Marginalisés de fait dans une société qui gravite autour de la production de valeur marchande, nos aînés se sont vus encore un peu plus dépouillés de leur dignité avec les restrictions liées au Covid. Voici trois portraits pour redonner de l’épaisseur et de la nuance à une génération souvent décrite en des termes génériques. Ils nous livrent leur histoire, et leurs sentiments face à ce chamboulement qu’est la pandémie…

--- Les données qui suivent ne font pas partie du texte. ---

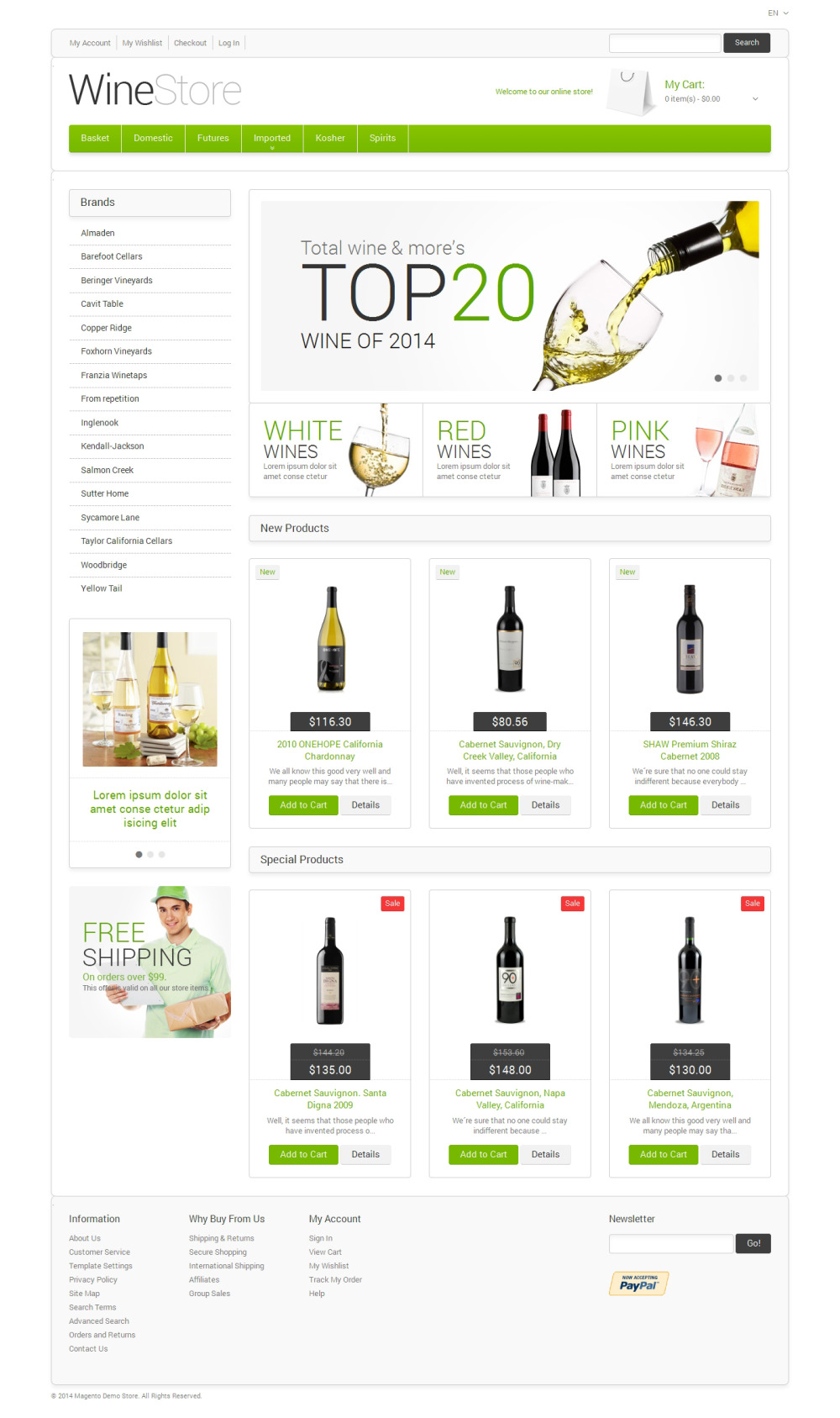 Our magento themes are designed to be used with clean install without sample data that is provided with the default theme.
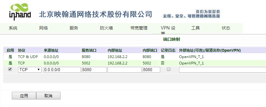 3. 将路由器下端设备192.168.2.2:8080&5002 端口映射到虚拟接口“OpenVPN_T_1”

Que faire de nos vieux ? Longtemps limitée à la sphère intime, cette question s’est invitée dans le débat public avec la pandémie de Covid.  « On ne considère pas de la même façon les retraités qui font tourner les associations bénévolement ou qui gardent régulièrement leurs petits-enfants, et ceux qui ne peuvent plus avoir cette utilité sociale, remarque Cécile Rosenfelder, ingénieure de recherche en sciences sociales à l’EHESP. Ces derniers sont plutôt vus par l’accumulation de leurs incapacités. On peut questionner la place qu’on leur accorde… Car, en réalité, même les hébergements dédiés ont été pensés davantage pour simplifier le système médico-social que pour offrir des conditions de vie décentes et adaptées aux personnes âgées. »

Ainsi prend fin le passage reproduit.